However, the client does not need to provide STUN service on any other IP address or port, unlike the normal STUN usage as described in [13]. The need to run the service on multiple ports is to support the change flags. However, those flags are not needed with ICE, and the server SHOULD reject any requests with these flags set.

Furthermore, there is no need to support TLS or to be prepared to receive SharedSecret request messages. Those messages are used to obtain shared secrets to be used with BindingRequests. However, with ICE, usernames and passwords are exchanged in SIP itself.

It is important to note that the transport address being used by the STUN server will also need to support the media stream which is to be sent to that transport address. This will require the offerer to disambiguate STUN messages from messages for the underlying media stream protocol. In the case of RTP/RTCP, this disambiguation is easy. RTP and RTCP packets start with the bits 0b10 (v=2). The first two bits in STUN are always 0b00. Disambiguating STUN with other media stream protocols may be more complicated. However, it is guaranteed to always be possible by selecting an appropriately random username (see below).

The need to run STUN on the same transport address as the media stream represents the "ugliest" piece of ICE. However, it is an essential part of the story.
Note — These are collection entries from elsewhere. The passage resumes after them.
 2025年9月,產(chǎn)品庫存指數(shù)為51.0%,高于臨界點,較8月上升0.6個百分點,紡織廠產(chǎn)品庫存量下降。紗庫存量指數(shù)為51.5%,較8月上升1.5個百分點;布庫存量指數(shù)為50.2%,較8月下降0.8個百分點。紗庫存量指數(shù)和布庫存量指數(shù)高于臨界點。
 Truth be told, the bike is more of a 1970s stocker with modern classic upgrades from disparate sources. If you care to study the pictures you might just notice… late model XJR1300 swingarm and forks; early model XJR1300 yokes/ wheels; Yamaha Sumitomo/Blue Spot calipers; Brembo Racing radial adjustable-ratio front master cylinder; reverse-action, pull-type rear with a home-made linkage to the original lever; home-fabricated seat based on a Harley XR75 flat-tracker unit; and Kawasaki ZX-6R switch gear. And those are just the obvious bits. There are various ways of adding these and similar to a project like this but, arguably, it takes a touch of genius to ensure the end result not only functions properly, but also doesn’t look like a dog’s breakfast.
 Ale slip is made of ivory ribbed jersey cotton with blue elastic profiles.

By sending STUN requests to the very same place media is sent, any bindings learned through STUN will be useful even when communicating through symmetric NATs. This results in a substantial increase in the scope of applicability of STUN, in terms of cases where it can provide connectivity. In that sense, the usage of STUN here is radically different than the usage models outlined in [13], where STUN is generally useless for dealing with symmetric NAT.

For each local transport address where a STUN server is running, the client MUST choose a username and password. The username MUST be globally unique, so that no other host will select a username with the same value. This username and password will be passed to the answerer in the SDP. They are used by the answerer to authenticate the STUN requests to the server.
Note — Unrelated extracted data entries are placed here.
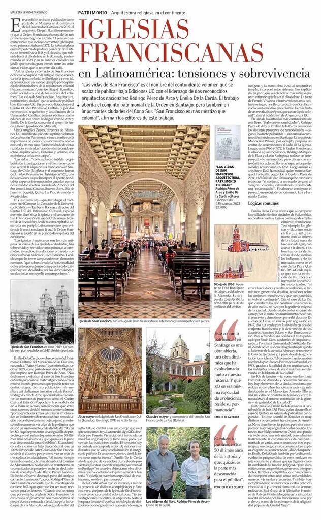 El Mercurio destaca el artículo “Iglesias franciscanas en latinoamericana: tensiones y sobrevivencias”, donde se entrevista a los editores del libro “Las vidas de San Francisco: Arquitectura, patrimonio y ciudad”, Rodrigo Pérez de Arce y Emilio De la Cerda. + Revisa nota completa aquí.
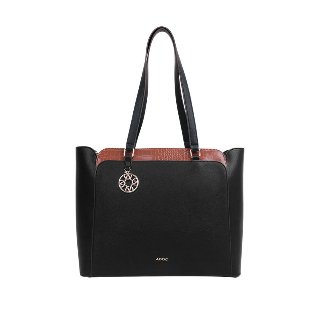 Cartera tote Bria para mujer color negro, en material sintético. Medidas: 36 × 13 × 29 cm; silueta estructurada y versátil con espacio suficiente para lo esencial.
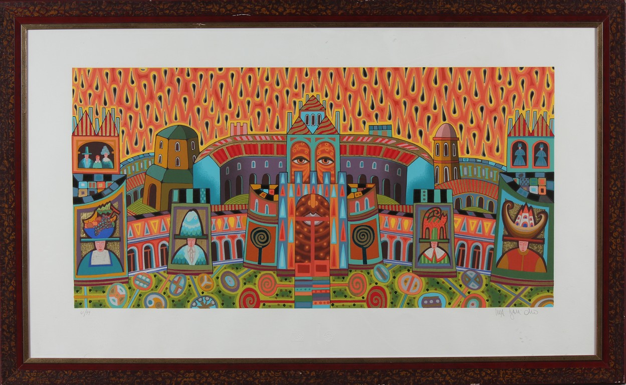 DALL'OLIO LUCA (n. 1958) Paesaggio incantato. Serigrafia. Cm 120,00 x 70,00. Misure lastra:50x100 cm. Tir. 41/99 e firma in basso a matita. In allegato all'opera certificato di autenticità a cura di Telemarket, Roncadelle (BS). Cornice presente
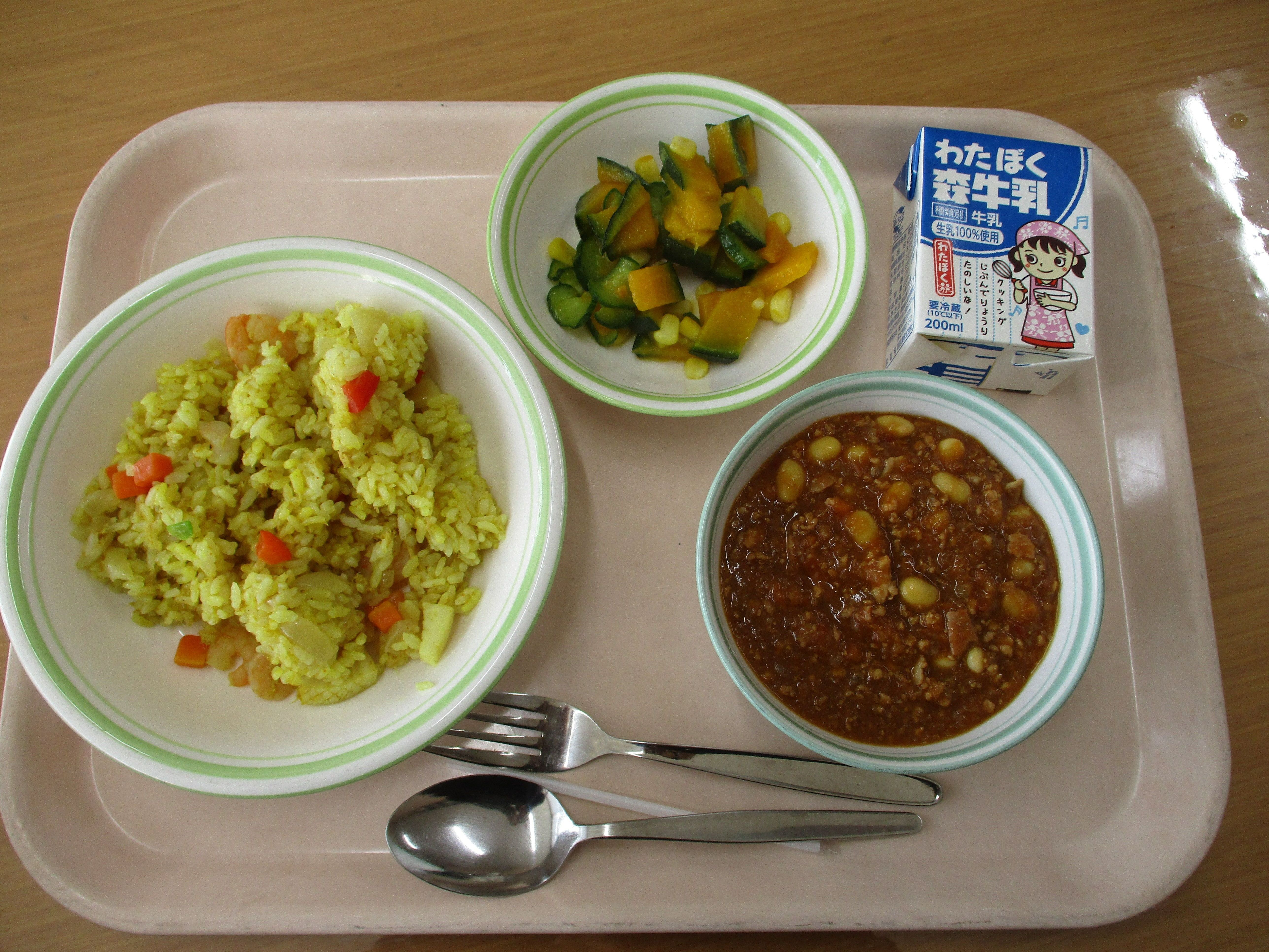 牛乳、メキシカンライス、チリコンカン、かぼちゃサラダ

The gloal uniqueness requirement stems from the lack of uniquenes afforded by IP addresses. Consider user agents A, B, and C. A and B are within private enterprise 1, which is using 10.0.0.0/8. C is within private enterprise 2, which is also using 10.0.0.0/8. As it turns out, B and C both have IP address 10.0.1.1. A makes a call to C. C, in its answer, provides A with its transport addresses. In this case, thats 10.0.1.1:8866 and 8877. As it turns out, B is on a call at that same time, and is also using 10.0.1.1:8866 and 8877. This means that B has a STUN server running on those ports, just as C does. A will send a STUN request to 10.0.1.1:8866 and 8877. However, these do not go to C as expected. Instead, they go to B. If B just replied to them, A would believe it has connectivity to C, when it fact it has connectivity to a completely different user, B. To fix this, the STUN username takes on the role of a unique identifier. C provides A with a unique username. A uses this username in its STUN query to 10.0.1.1:8866. This STUN query arrives at B. However, the username is unknown to B, and so the request is rejected. A treats the rejected STUN request as if there were no connectivity to C (which is actually true). Therefore, the error is avoided.
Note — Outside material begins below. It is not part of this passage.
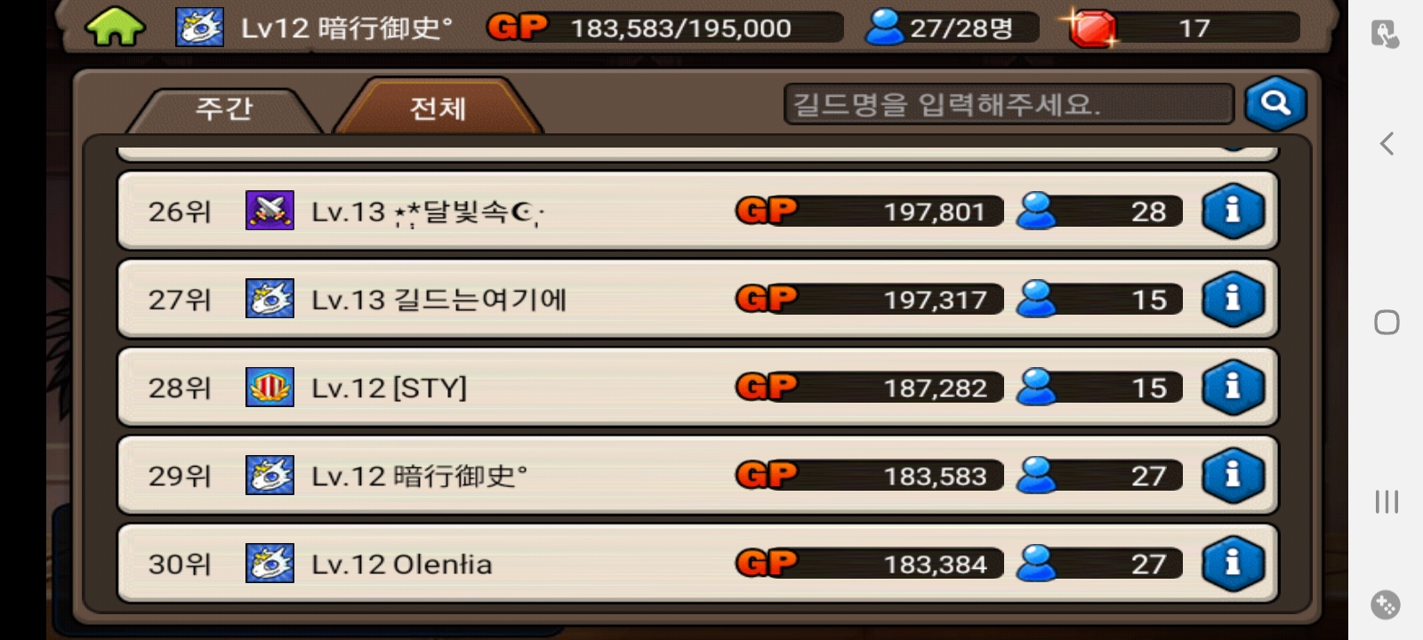 전체랭킹 29위 길드에서 길원구합니다. 많은 지원부탁드립니다.

Once the STUN server is started, it MUST run until the first media packet arrives on that address. Once that occurs, the agent MAY terminate the server. It is still possible that a late or lose STUN message will show up, but these will generally fail any media stream validity checks and be discarded (STUN packets always fail the RTP validity checks).

While the server is running, it MUST act as a normal STUN server, but MUST only accept STUN requests from clients that authenticate using the username and password handed out for the dialog.

5.3 Prioritizing the Transport Addresses

With the STUN servers starting, the next step is to prioritize the transport addresses. This priority reflects the desire that the UA has to receive media on that address, and is assigned as a value from 0 to 1 (1 being most preferred). Although any prioritization is possible, it is RECOMMENDED that the prioritization be based on the number of intermediaries that will be traversed. The fewer intermediaries, the higher the priority. As a result of this, local IPv6 transport addresses obtained from physical interfaces have highest priority (it is RECOMMENDED that 1.0 be used). Next are local IPv4 transport addresses obtained from physical interfaces (it is RECOMMENDED that 0.8 be used). Next are STUN derived transport addresses (it is RECOMMENDED that 0.6 be used), followed by TURN, RSIP or TEREDO derived transport addresses (it is RECOMMENDED that 0.4 be used). Last up are local transport addresses obtained from VPN interfaces (it is RECOMMENDED that 0.2 be used).

5.4 Constructing the Offer

The next step is to construct the offer. For each media stream, the client encodes its available set of transport addresses as a series of m-lines. Each m-line conveys a single transport address (or, in the case of RTP, two transport addresses - one for RTP, and one for RTCP). If, in the case of RTP, the RTP and RTCP transport addresses do not follow the even/odd convention, the SDP for NAT[17] extensions can be used to convey them.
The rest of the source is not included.